What are the extra layers I’m seeing in the pre-trained model?

EDIT: After realizing I could just look at the keys (duh!), I see they are for running mean and variance computations. That being said, why are there 4 extra and not 2?

batchnorm weight, batchnorm bias, batchnorm running_mean, batchnorm running_std
(batchnorm has an affine transform by default)

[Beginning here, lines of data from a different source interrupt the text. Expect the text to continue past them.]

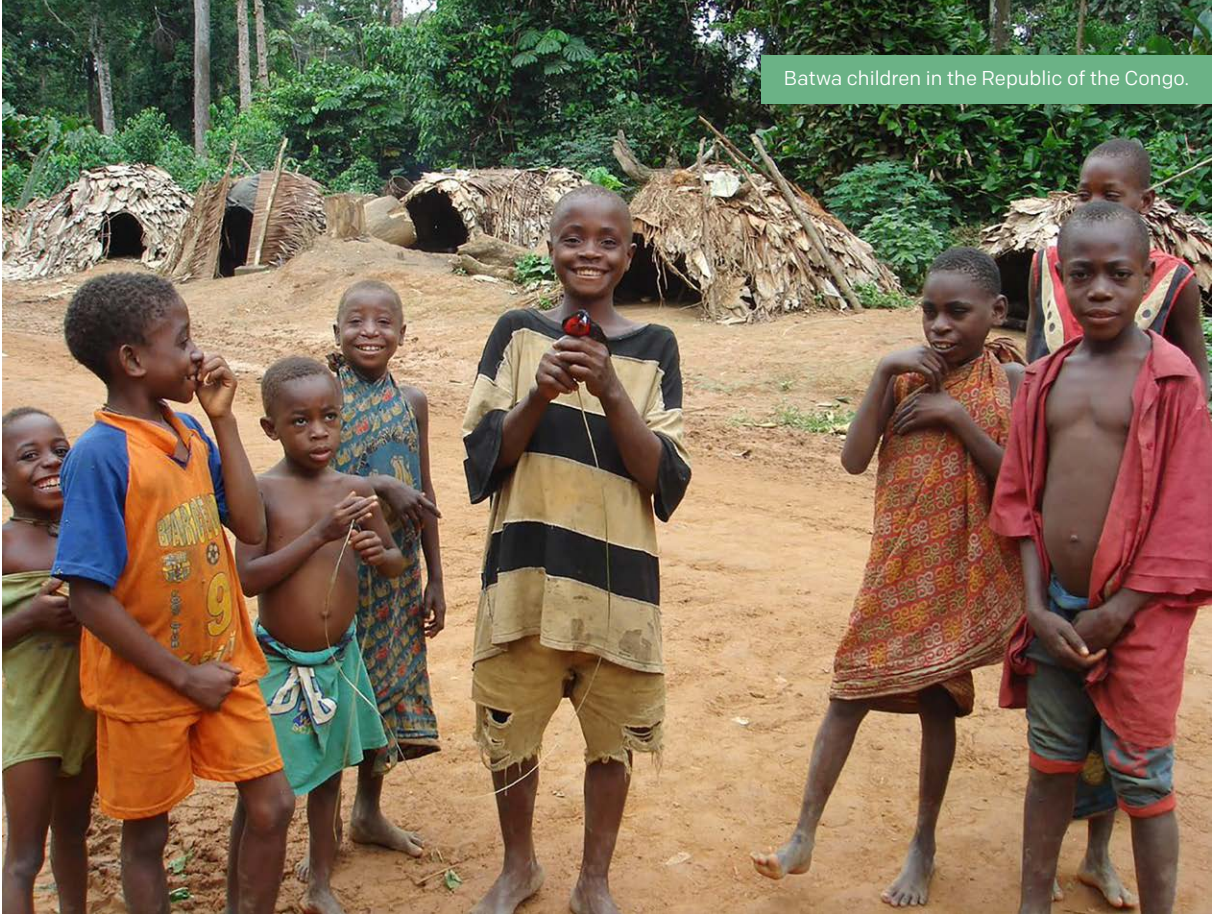
Batwa children in the Republic of the Congo.

In some cases, the WGIP has conducted follow-up visits where the report from the initial country visit is presented and its recommendations discussed thoroughly with all key stakeholders during a national dialogue meeting. This was the case in Gabon, DRC, the Republic of the Congo, Tanzania, Burundi, Kenya and Uganda.
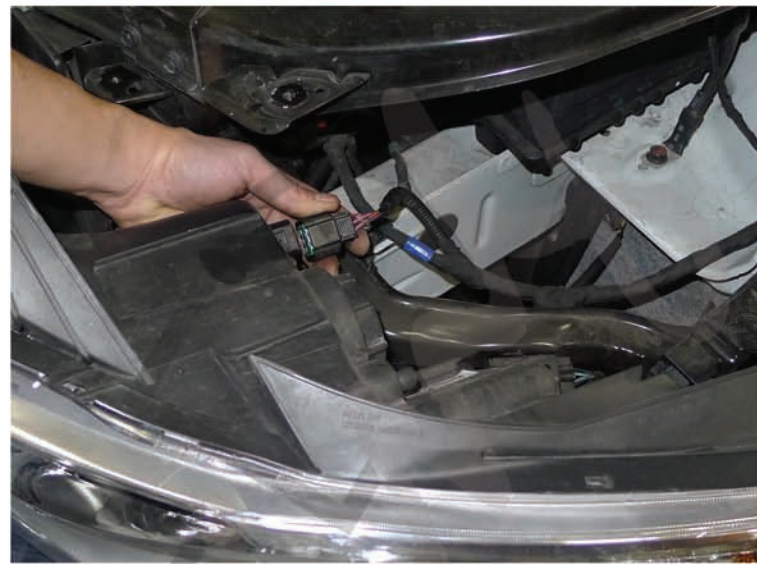
12. Disconnect the headlight harness
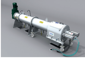
Hydro-Sludge® Screen In-line Sludge Screen

Advanced sludge management processes need protection from grit and debris. We offer robust sludge screening and dewatering solutions to improve sludge quality and process efficiency.
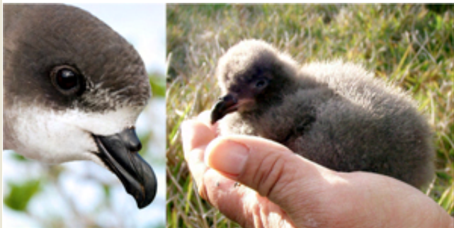
Cahow chick and adult.

A decoy Heermann's Gull and two cryptically-marked Heermann's Gull chicks at San Roque Island.
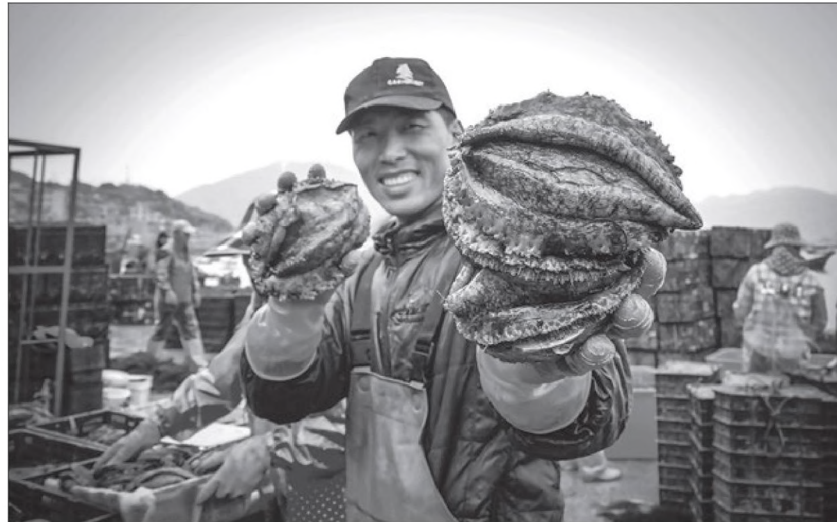
Fisherman showcases abalones in Lianjiang county, Fujian province.

According to a report by the Huajiang Industrial Research Institute, abalone consumption in China
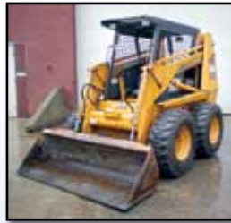
01 CASE 1845C

Case diesel engine and hydrostatic transmission, equipped with 62" loader bucket, auxiliary hydraulics, ROPS canopy, and 10-16.5 tires. In fair to good condition with poor tires.
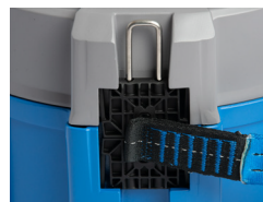
Step 3 - Fit pin
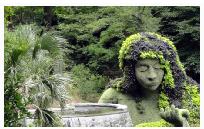
Atlanta Botanical Gardens is an outstanding horticultural destination. Amy Nichols, who took this photo, would agree!

Do you have photos taken when you visited another public garden through the AHS Reciprocal Membership Program? We'd like to feature your pictures in a future news journal or possibly a travelogue program! Please send your photos to pat.drackett@msstate.edu.
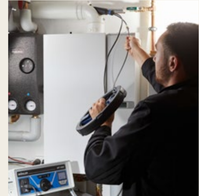
Leakage test of the flue gas system: In preparation for the test, the flue gas pipe is sealed at the top and bottom with sealing bladders. This is very simple, as the bladders can be easily pushed through the pipe from below using a reel and then position them.
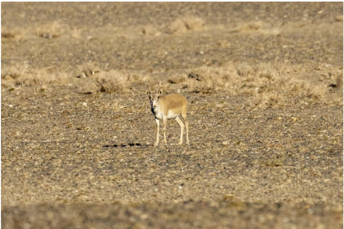
Saiga

Then, why is it 5 extra weights, not 4? As far, as I understand, we don’t need bias in conv layer if the batch normalization layer follows immediately after convolution (just because bias in conv will be absorbed by the running_mean).

5 extra weights = 4 batchnorm weights + 1 conv bias.

Yes, you can disable conv bias by passing Conv2d(…, bias=False) in constructor.